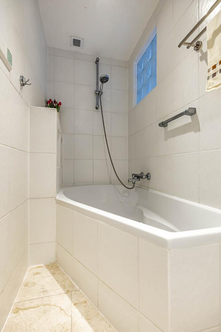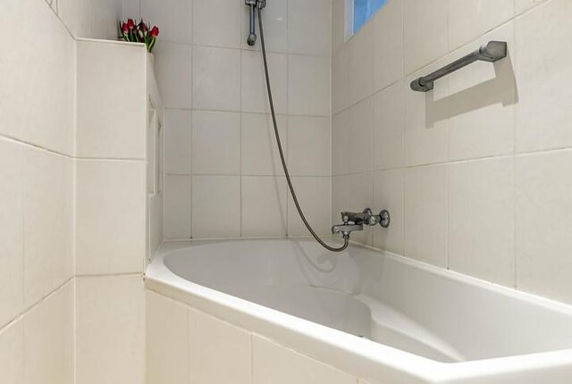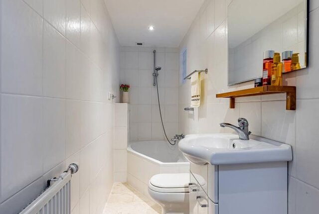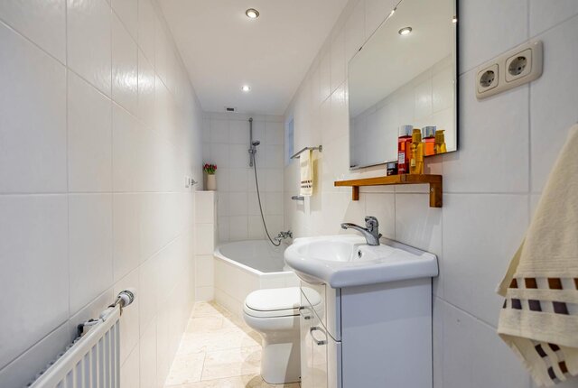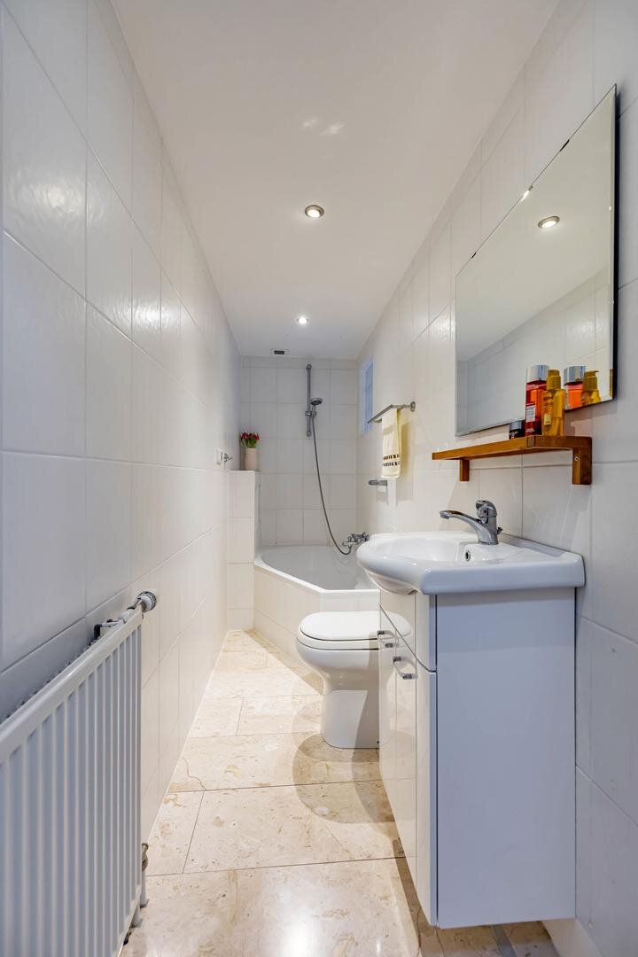 De badkamer is slim gesitueerd en vergroot door vaste kasten te verwijderen en de ruimte toe te voegen aan de badkamer, Er is een bad-/douche combinatie met een vast wastafelmeubel en een tweede toilet. Ook deze ruimte is heel netjes en licht door de speelse “glas-blok elementen”.
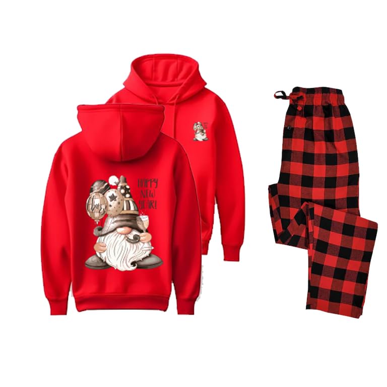 Generic - طقم بيجامة للكريسماس، هودي احمر مع طباعة قزم وسروال منقوش، ملابس نوم للعطلات مقاس (L)
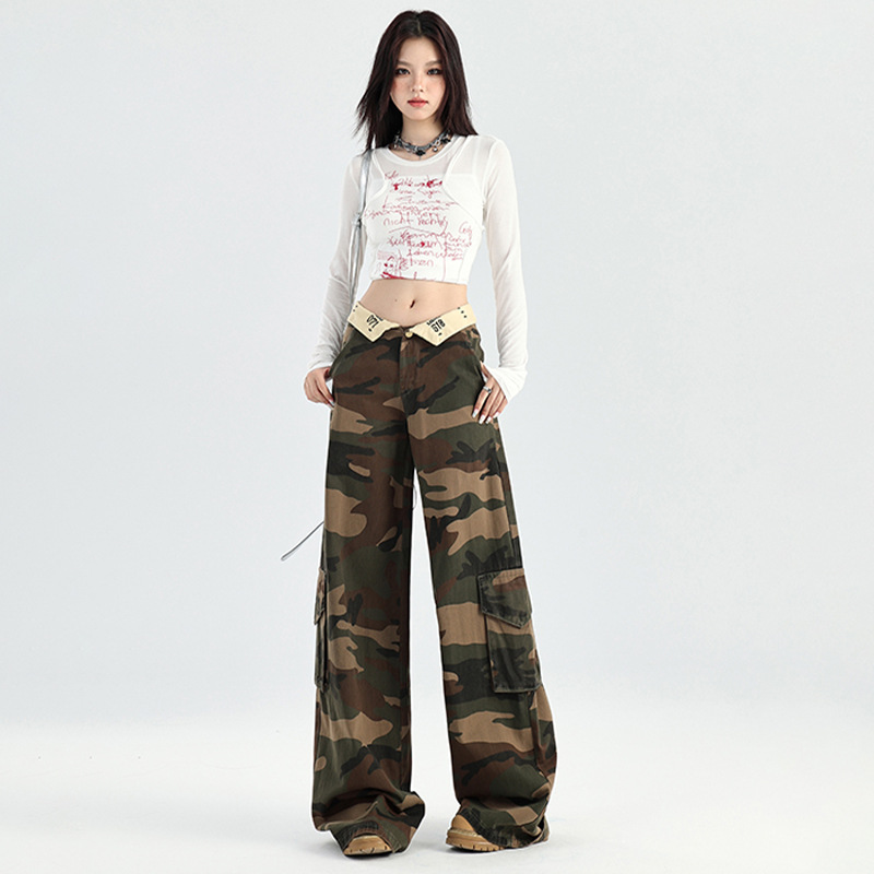 2024年秋のアメリカ式迷彩工装ズボンの女性が腰をひっくり返してデザイン感があります。
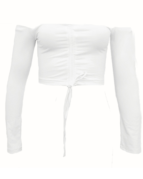 Sexy Dew Shoulder White Polyester T-shirt
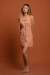 A clean, easy silhouette crafted in crisp cotton poplin, this halter-neck mini dress brings together effortless structure and everyday ease. The softly tailored neckline adds a modern touch, while the wooden button-down front keeps the look relaxed and versatile.
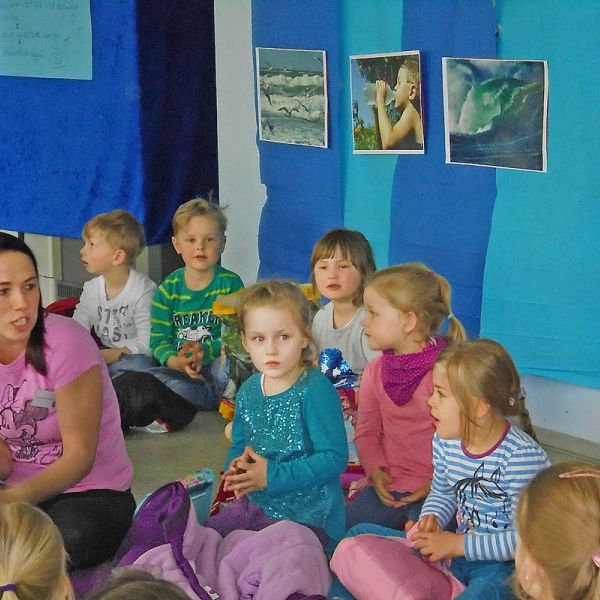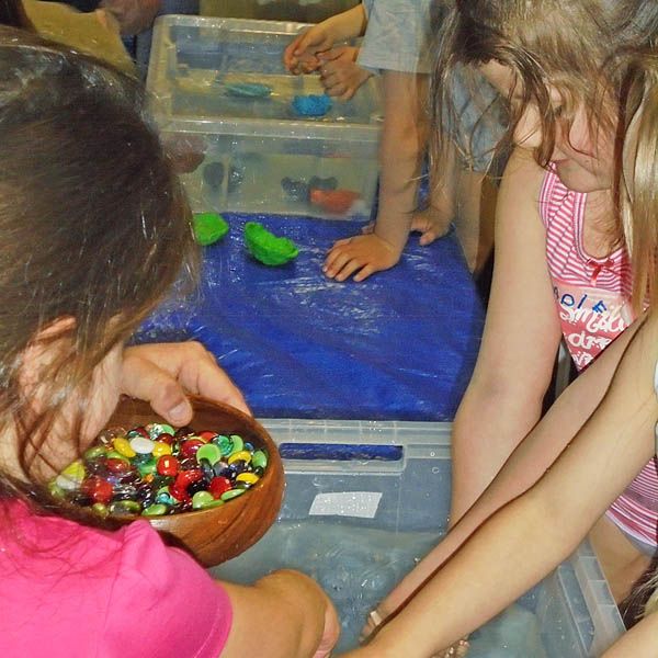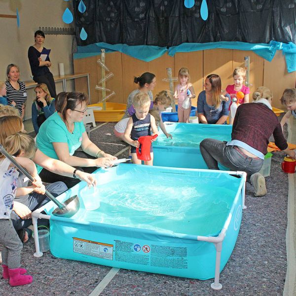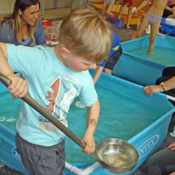 Es gab verschiedene Experimente zu dem Mädchen und Jungen der Kita Arche eingeladen wurden gemeinsam zu forschen, Fragen zu stellen und neue Dinge zu entdecken: Welche Materialien schwimmen an der Oberfläche und welche gehen unter? Wie ist die Fließeigenschaft von Wasser, wenn es durch einen Trichter oder ein Sieb läuft?
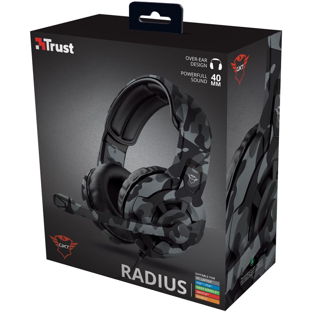 Trust GXT 411K Radius Gaming Headset är din gateway in i spelets rytande värld. Headsetet har tydligt, detaljerade och uppslukande ljud för att förhöja din spelupplevelse.
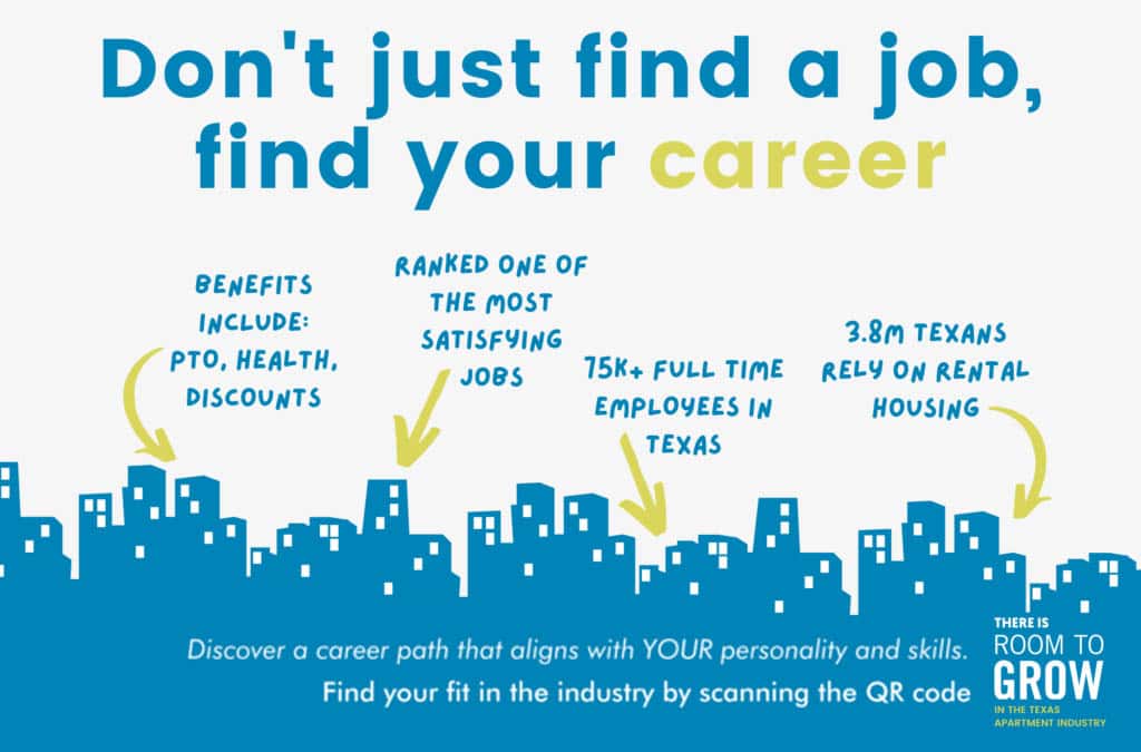 Multifamily—An industry that focuses on providing apartments and rental homes to the local population. By providing access to over 250,000 homes in Tarrant and eight other counties, the opportunities are boundless. Job types consist of apartment leasing, maintenance, administrative and accounting, training, management, and executive. Many resident-facing positions are attainable through training and advancement, even if you don’t have a college degree.
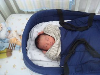 ベビーベットの中のチビベットで寝ていますZZZ
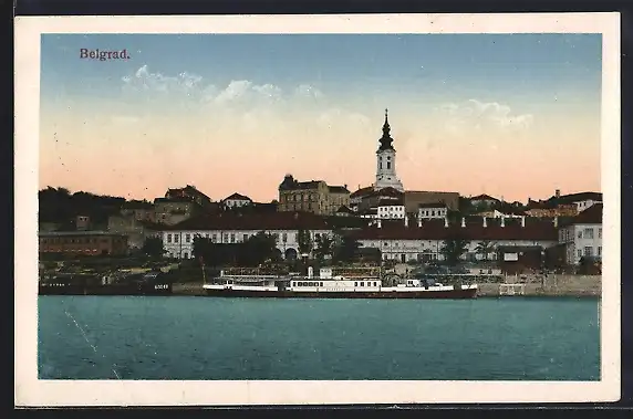 AK Belgrad, Blick über die Save auf die Ortschaft, Dampfer
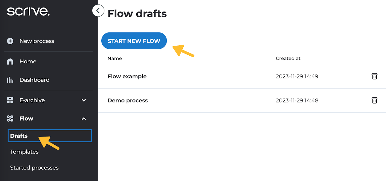 Navigate to "Flow" and then "Drafts" in the main menu to your left.
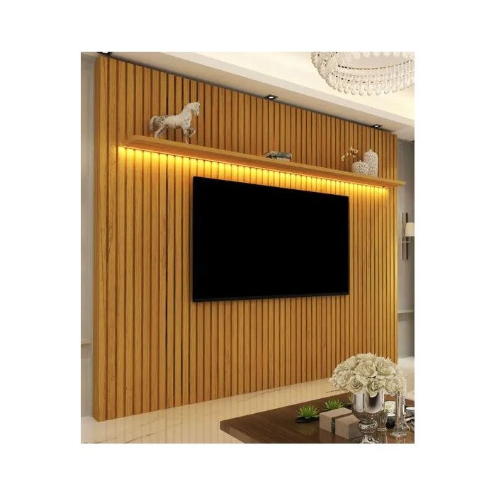 Painel com ripas de verdade;Inclui LED;Ideal para Tvs de até 60 polegadas;Oferece possibilidade de montagem da prateleira acima da TV ou abaixo;Pintura ultravioleta com acabamento amadeirado na cor naturale.
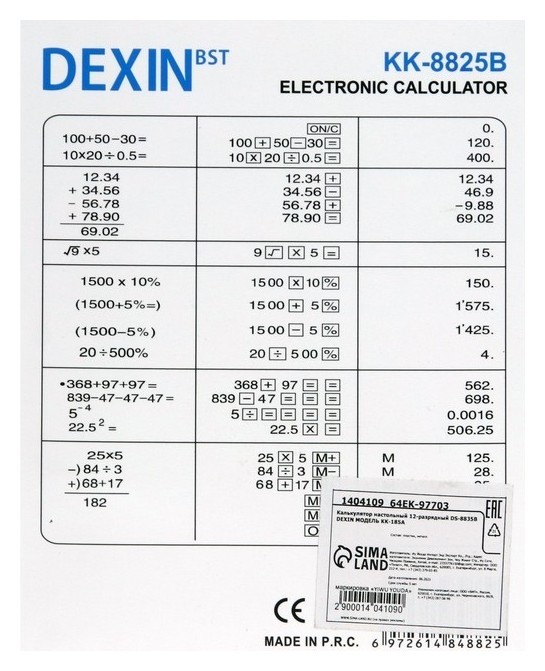 Калькулятор настольный "Dexin" 12 - разрядный КК - 8825в
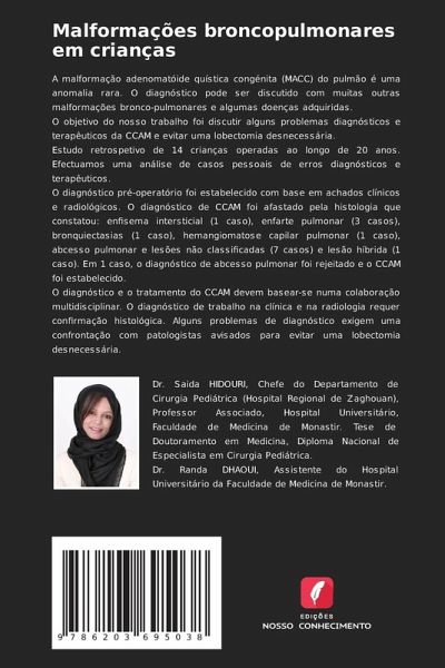 A malformação adenomatóide quística congénita (MACC) do pulmão é uma anomalia rara. O diagnóstico pode ser discutido com muitas outras malformações bronco-pulmonares e algumas doenças adquiridas.O objetivo do nosso trabalho foi discutir alguns problemas diagnósticos e terapêuticos da CCAM e evitar uma lobectomia desnecessária.Estudo retrospetivo de 14 crianças operadas ao longo de 20 anos. Efectuamos uma análise de casos pessoais de erros diagnósticos e terapêuticos.O diagnóstico pré-operatório foi estabelecido com base em achados clínicos e radiológicos. O diagnóstico de CCAM foi afastado pela histologia que constatou: enfisema intersticial (1 caso), enfarte pulmonar (3 casos), bronquiectasias (1 caso), hemangiomatose capilar pulmonar (1 caso), abcesso pulmonar e lesões não classificadas (7 casos) e lesão híbrida (1 caso). Em 1 caso, o diagnóstico de abcesso pulmonar foi rejeitado e o CCAM foi estabelecido.O diagnóstico e o tratamento do CCAM devem basear-se numa colaboração multidisciplinar. O diagnóstico de trabalho na clínica e na radiologia requer confirmação histológica. Alguns problemas de diagnóstico exigem uma confrontação com patologistas avisados para evitar uma lobectomia desnecessária.
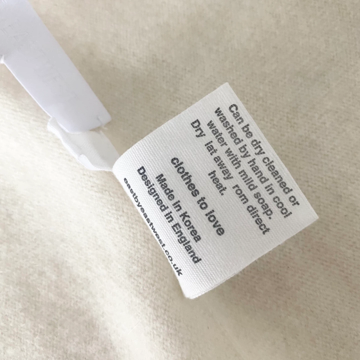 East By East West turtleneck sweater. Features a wider / boxy body with slim sleeves. Made of lightweight 90% wool and 10% cashmere in a cream colour. Incredibly well made - there are no arm holes and all seams are so tiny and flat, they are almost invisible as per the last pic. It's super soft, cozy and luxe. I don't find it itchy but it's subjective. There's a tiny faint mark (barely visible). Otherwise there's no pilling, snags or damage. It's clean and in excellent condition.
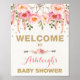 Belo sinal de boas-vindas ao chá de fraldas com tema boêmico, com destaque para a melancolia feminina, marca-gotas florais a rosa e ouro

* * * * * * *

**Exercise aim**
The pictures are to be omitted, and the rest of the listing is to be transcribed exactly.

**Answer area**
 De badkamer is slim gesitueerd en vergroot door vaste kasten te verwijderen en de ruimte toe te voegen aan de badkamer, Er is een bad-/douche combinatie met een vast wastafelmeubel en een tweede toilet. Ook deze ruimte is heel netjes en licht door de speelse “glas-blok elementen”.
 Generic - طقم بيجامة للكريسماس، هودي احمر مع طباعة قزم وسروال منقوش، ملابس نوم للعطلات مقاس (L)
 2024年秋のアメリカ式迷彩工装ズボンの女性が腰をひっくり返してデザイン感があります。
 Sexy Dew Shoulder White Polyester T-shirt
 A clean, easy silhouette crafted in crisp cotton poplin, this halter-neck mini dress brings together effortless structure and everyday ease. The softly tailored neckline adds a modern touch, while the wooden button-down front keeps the look relaxed and versatile.
 Es gab verschiedene Experimente zu dem Mädchen und Jungen der Kita Arche eingeladen wurden gemeinsam zu forschen, Fragen zu stellen und neue Dinge zu entdecken: Welche Materialien schwimmen an der Oberfläche und welche gehen unter? Wie ist die Fließeigenschaft von Wasser, wenn es durch einen Trichter oder ein Sieb läuft?
 Trust GXT 411K Radius Gaming Headset är din gateway in i spelets rytande värld. Headsetet har tydligt, detaljerade och uppslukande ljud för att förhöja din spelupplevelse.
 Multifamily—An industry that focuses on providing apartments and rental homes to the local population. By providing access to over 250,000 homes in Tarrant and eight other counties, the opportunities are boundless. Job types consist of apartment leasing, maintenance, administrative and accounting, training, management, and executive. Many resident-facing positions are attainable through training and advancement, even if you don’t have a college degree.
 ベビーベットの中のチビベットで寝ていますZZZ
 AK Belgrad, Blick über die Save auf die Ortschaft, Dampfer
 Navigate to "Flow" and then "Drafts" in the main menu to your left.
 Painel com ripas de verdade;Inclui LED;Ideal para Tvs de até 60 polegadas;Oferece possibilidade de montagem da prateleira acima da TV ou abaixo;Pintura ultravioleta com acabamento amadeirado na cor naturale.
 Калькулятор настольный "Dexin" 12 - разрядный КК - 8825в
 A malformação adenomatóide quística congénita (MACC) do pulmão é uma anomalia rara. O diagnóstico pode ser discutido com muitas outras malformações bronco-pulmonares e algumas doenças adquiridas.O objetivo do nosso trabalho foi discutir alguns problemas diagnósticos e terapêuticos da CCAM e evitar uma lobectomia desnecessária.Estudo retrospetivo de 14 crianças operadas ao longo de 20 anos. Efectuamos uma análise de casos pessoais de erros diagnósticos e terapêuticos.O diagnóstico pré-operatório foi estabelecido com base em achados clínicos e radiológicos. O diagnóstico de CCAM foi afastado pela histologia que constatou: enfisema intersticial (1 caso), enfarte pulmonar (3 casos), bronquiectasias (1 caso), hemangiomatose capilar pulmonar (1 caso), abcesso pulmonar e lesões não classificadas (7 casos) e lesão híbrida (1 caso). Em 1 caso, o diagnóstico de abcesso pulmonar foi rejeitado e o CCAM foi estabelecido.O diagnóstico e o tratamento do CCAM devem basear-se numa colaboração multidisciplinar. O diagnóstico de trabalho na clínica e na radiologia requer confirmação histológica. Alguns problemas de diagnóstico exigem uma confrontação com patologistas avisados para evitar uma lobectomia desnecessária.
 East By East West turtleneck sweater. Features a wider / boxy body with slim sleeves. Made of lightweight 90% wool and 10% cashmere in a cream colour. Incredibly well made - there are no arm holes and all seams are so tiny and flat, they are almost invisible as per the last pic. It's super soft, cozy and luxe. I don't find it itchy but it's subjective. There's a tiny faint mark (barely visible). Otherwise there's no pilling, snags or damage. It's clean and in excellent condition.
 Belo sinal de boas-vindas ao chá de fraldas com tema boêmico, com destaque para a melancolia feminina, marca-gotas florais a rosa e ouro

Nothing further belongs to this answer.